- **DATA SEGMENT**:
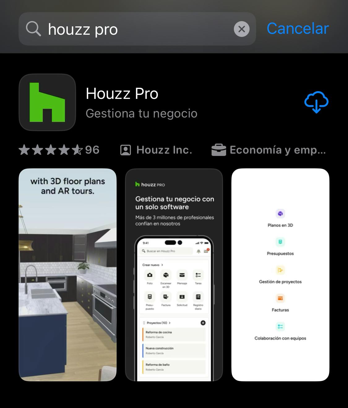 Descargar la app de Houzz Pro desde un dispositivo iOS
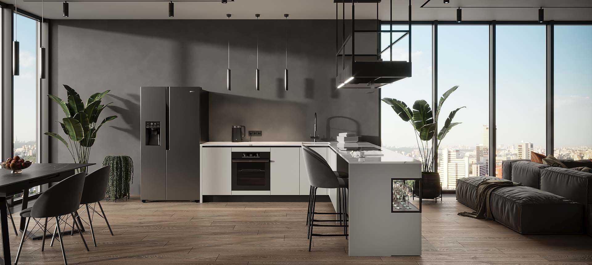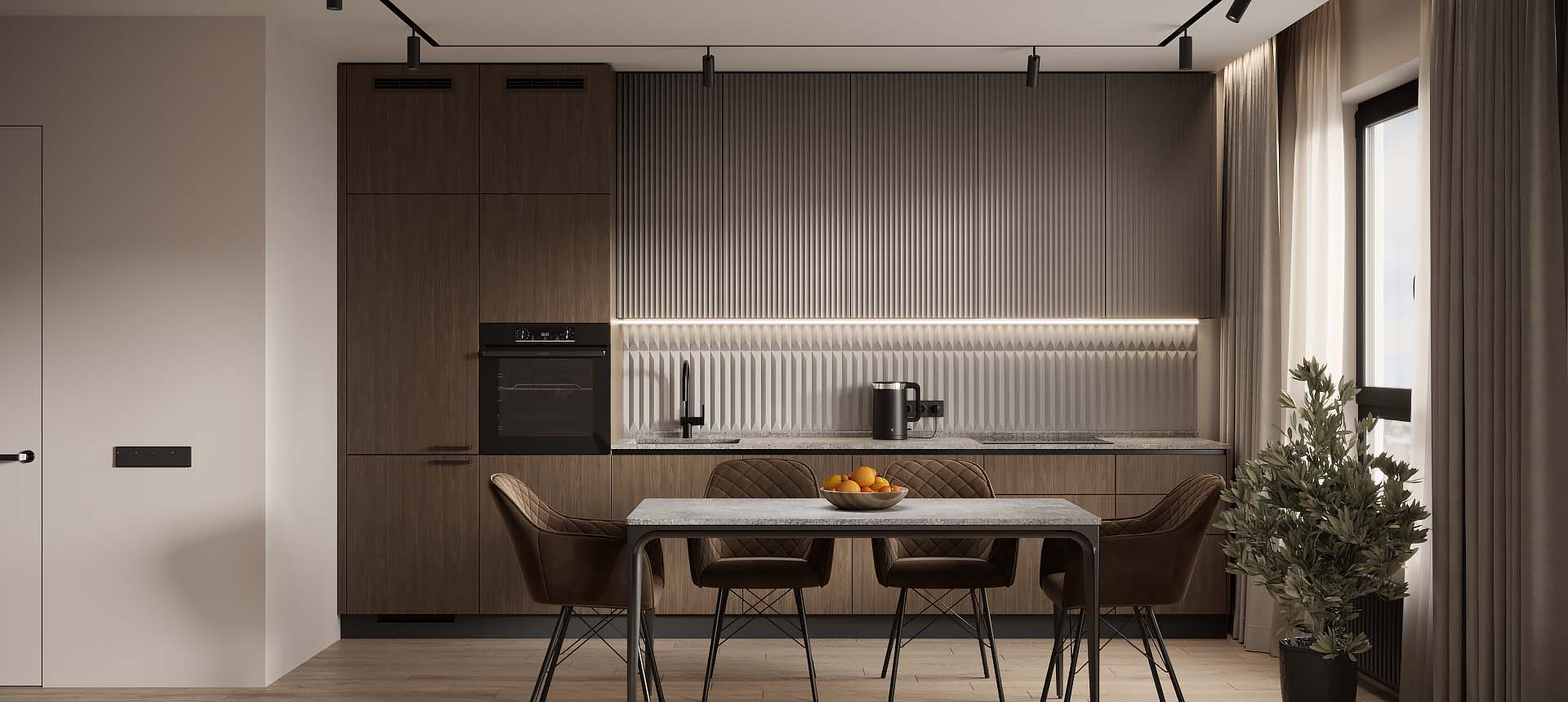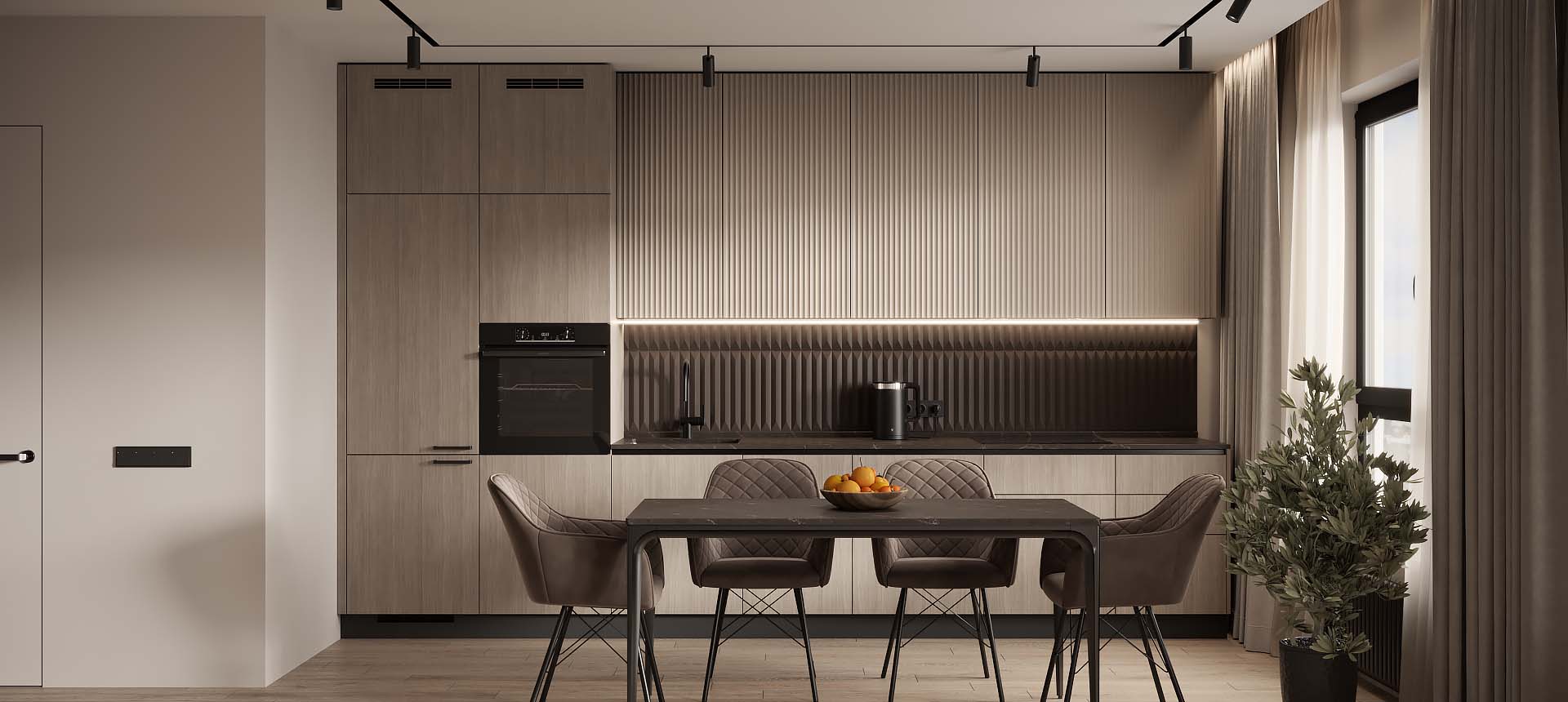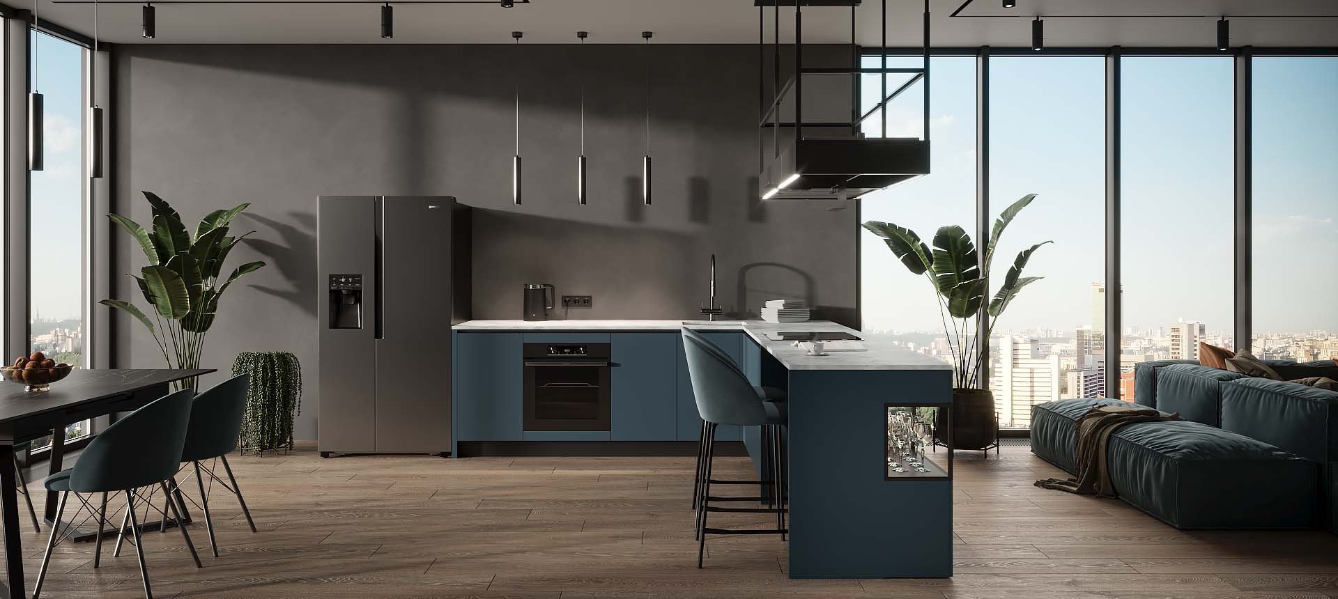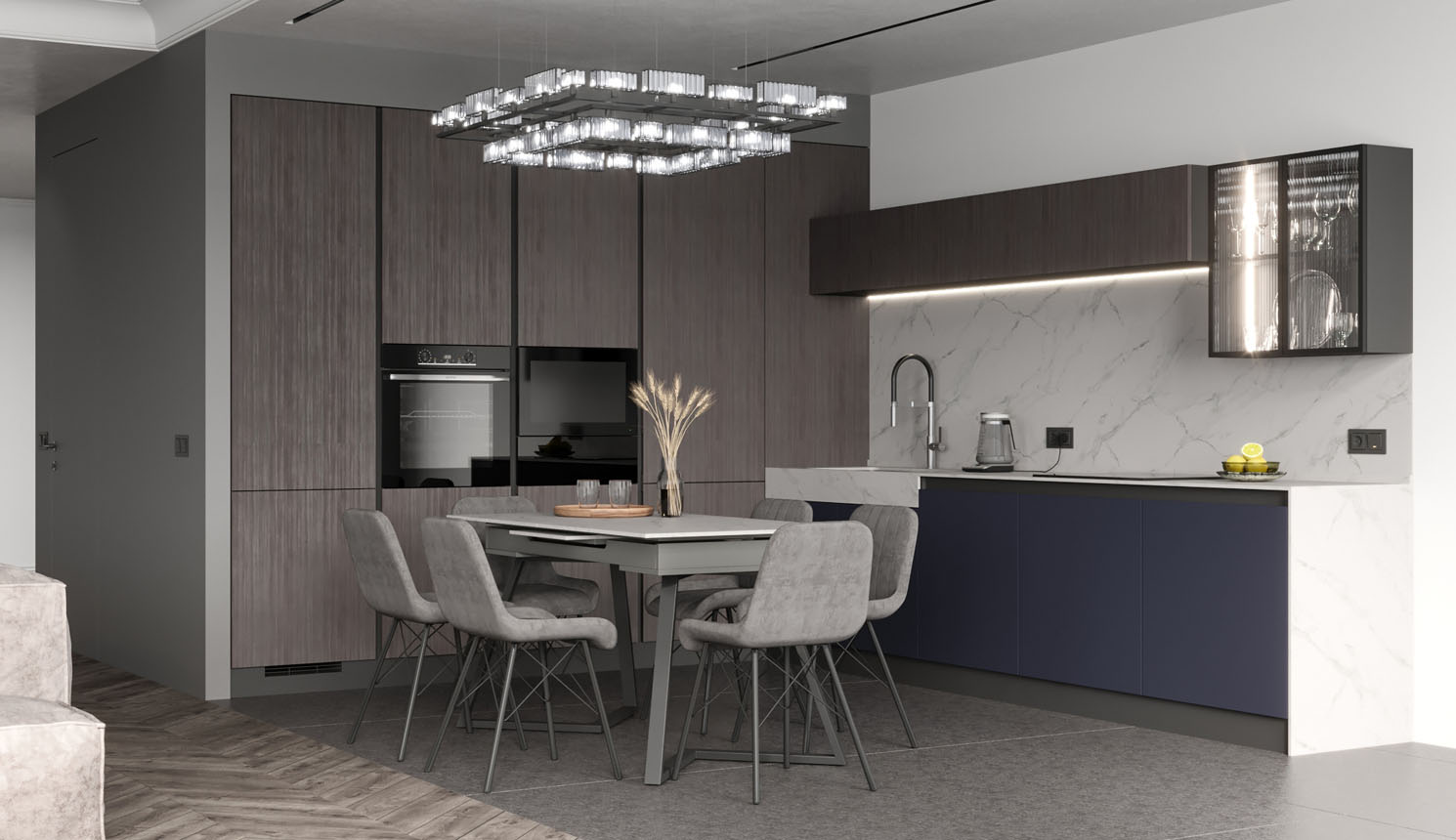 Кухня в стиле лофт и вместительный шкаф для новостройки в Санкт-Петербурге
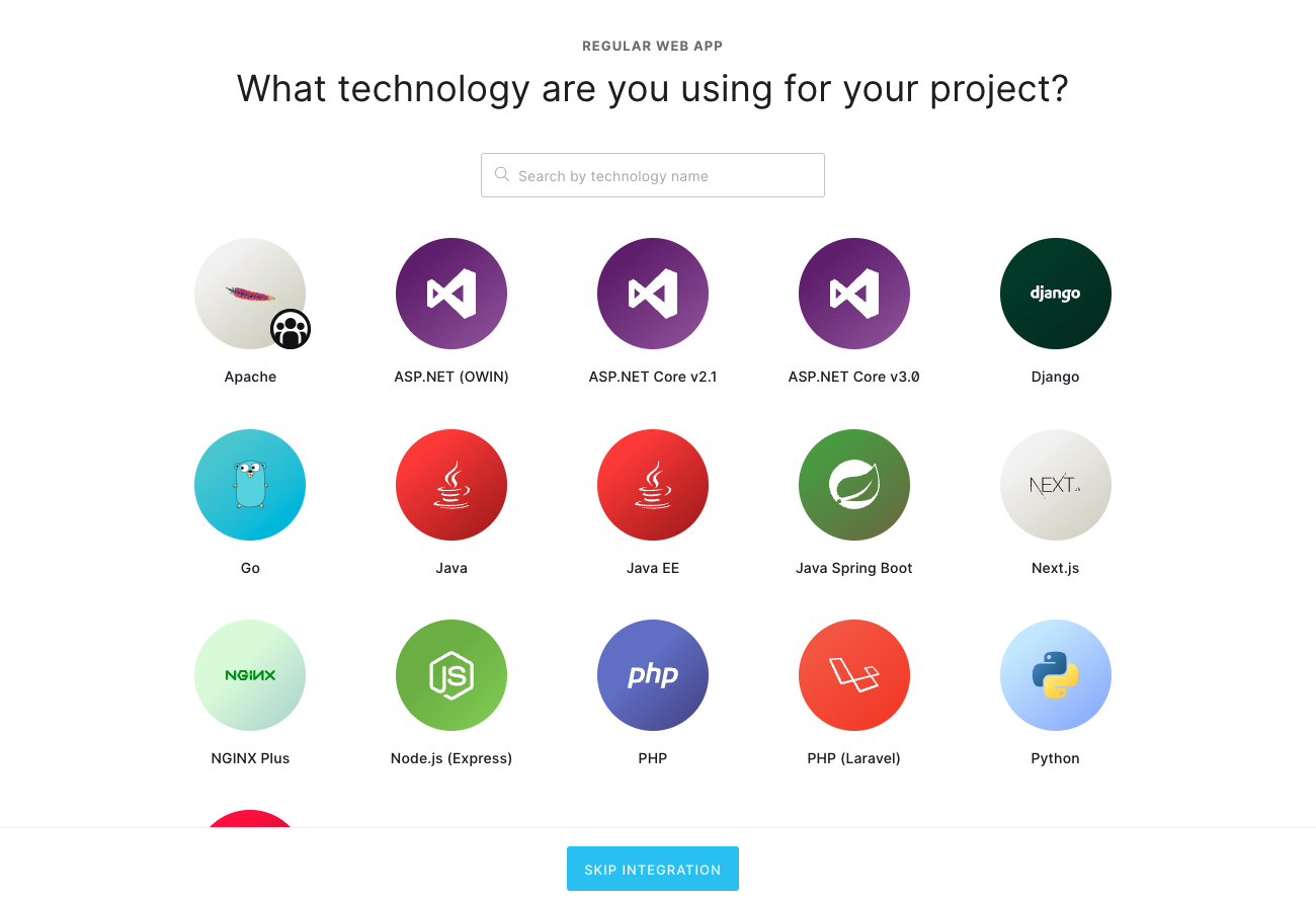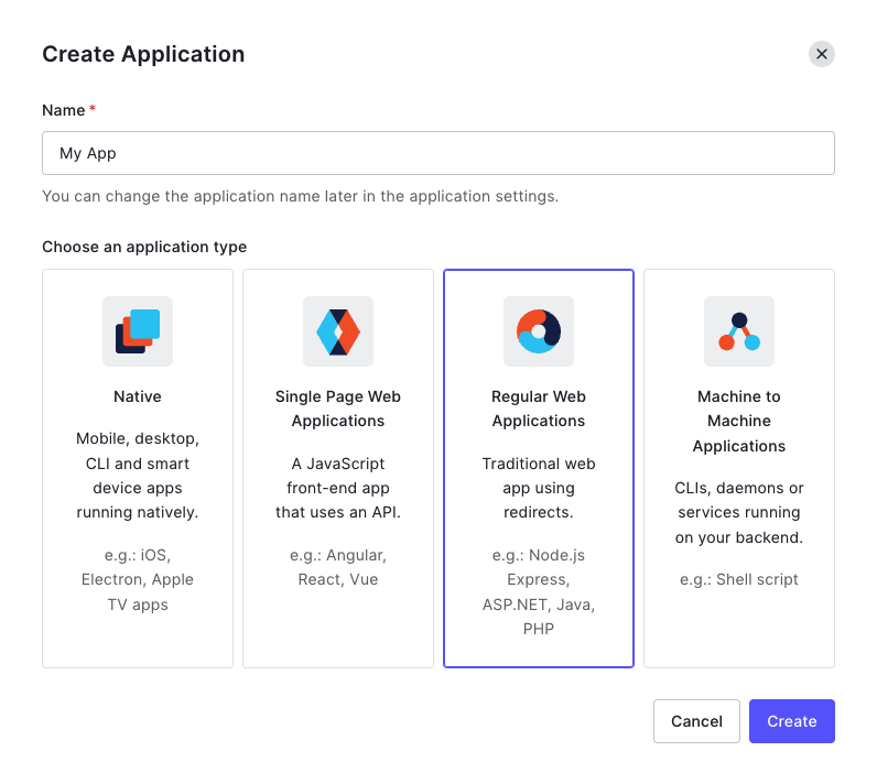 application typeは、「Regular Web Applications」を選択してください。

- **WORK REQUIRED**:
Return all of the data exactly as written, and drop the pictures.

- **RESULT FOR THIS EXERCISE**:
 Descargar la app de Houzz Pro desde un dispositivo iOS
 Кухня в стиле лофт и вместительный шкаф для новостройки в Санкт-Петербурге
 application typeは、「Regular Web Applications」を選択してください。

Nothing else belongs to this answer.